Ю. Б. Создаётся впечатление, что Солженицын был из тех, кто чётко знал о своём предназначении — не только писательском, но и общественно-историческом. Порой кажется, что он даже провидел свой путь от начала до конца. Иначе не написал бы ещё в 1940-м году на обороте фотографии молодожёнов в день регистрации брака с Натальей Решетовской: «Будешь ли ты при всех обстоятельствах любить человека, с которым однажды соединила жизнь?» Здесь явно делается смысловое ударение на словосочетании «при всех обстоятельствах». Значит, уже тогда внутренняя природа его всё предчувствовала, что должно произойти в дальнейшем?

Н. С. Интересное наблюдение. Мне известна эта надпись, но никогда не приходило в голову обратить внимание на этот поворот, о котором вы сейчас сказали. Возможно, Александр Исаевич уже многое знал из своего пути. Не в деталях, конечно, но, во всяком случае, у него была готовность отдаться целиком своему предназначению. И замеченный вами акцент, действительно, свидетельствует как раз об этом.

Ю. Б. Узнав, что я должен с вами встречаться, вот какое сообщение прислал мне по электронной почте один из красноярских писателей: «Светлова — женщина, безусловно, самоотверженная. Прожить столько лет с диктатором (а в том, что Солженицын — диктатор, я почему-то не сомневаюсь)!» Вы действительно жили с диктатором?

Н. С. Это очень распространённое мнение и даже понятно, откуда оно берётся, но ничего общего с действительностью не имеет. Да, Александр Исаевич — человек целеустремлённого склада, готовый жертвовать многим ради той задачи, которая перед ним стоит, поставлена судьбой. Он был убеждён: то, что он делает, — необходимо. И хотел, чтобы близкие добровольно разделяли его жизненный труд, но никогда и ни к чему не принуждал ни меня, ни детей. Наш союз потому и удался, что всё, что я делала, было совершенно свободным, не под нажимом, а оттого, что я разделяла это стремление как счастье, что мы, пусть медленно и трудно, но движемся к намеченной цели. Вопреки молве, Александр Исаевич был человеком, очень прислушливым к критике. Спросите наших детей: мы спорили с ним бесконечно и даже — до сильного повышения голоса! Я, вообще, большая спорщица. О чём? Относительно художественных ли вещей, публицистических ли, или — тактики поведения, потому что мы оказались на Западе, и в этом другом мире нужно было понять, что делать, а чего не делать? Но прислушлив он был не только ко мне. Если его удавалось убедить, он отступал от своей точки зрения. Солженицын не был диктатором совершенно. Просто обладал сильным характером.

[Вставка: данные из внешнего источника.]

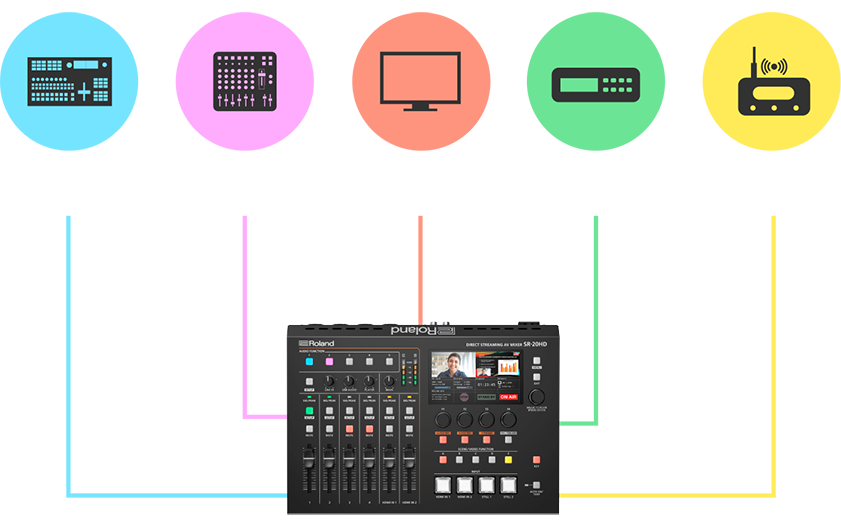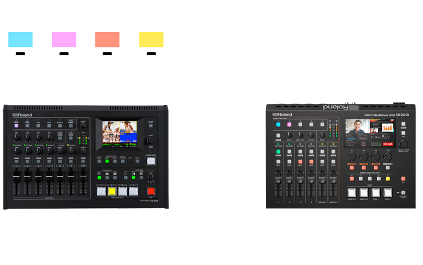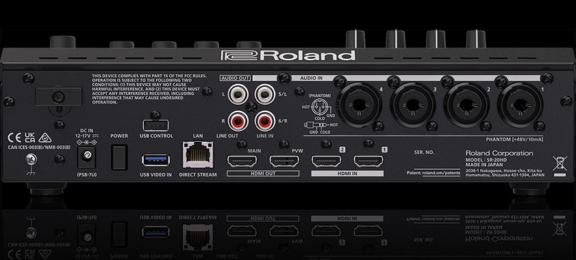 多くの映像入力が必要な場合、RolandのVR-4HDまたはUVC-01を使うことで入力数の拡張が可能です。SR-20HDのUSB VIDEO入力に高品質な非圧縮の映像、または音声を送出できます。
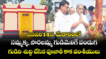 జనవరి 14న మేడారంలో సమ్మక్క, సారలమ్మ గుడిమెలిగే పండుగ.. గుడిని శుద్ది చేసిన పూజారీ కాక వంశీయులు

Ю. Б. Однажды я услышал почти комплимент. Я написал повесть «Изба-колесница», которая долго скиталась по разным изданиям, прежде чем с благословения Романа Солнцева увидеть свет в журнале «День и ночь». Один из моих друзей, её прочитавший и даже размноживший, сказал: «Ну, ты прямо как Солженицын — ни тем, ни другим!» Вот это «ни тем, ни другим!» — действительная ли черта Александра Исаевича, когда любые компромиссы, были, в принципе, невозможны и оставалось только одно правило — «жить не по лжи»?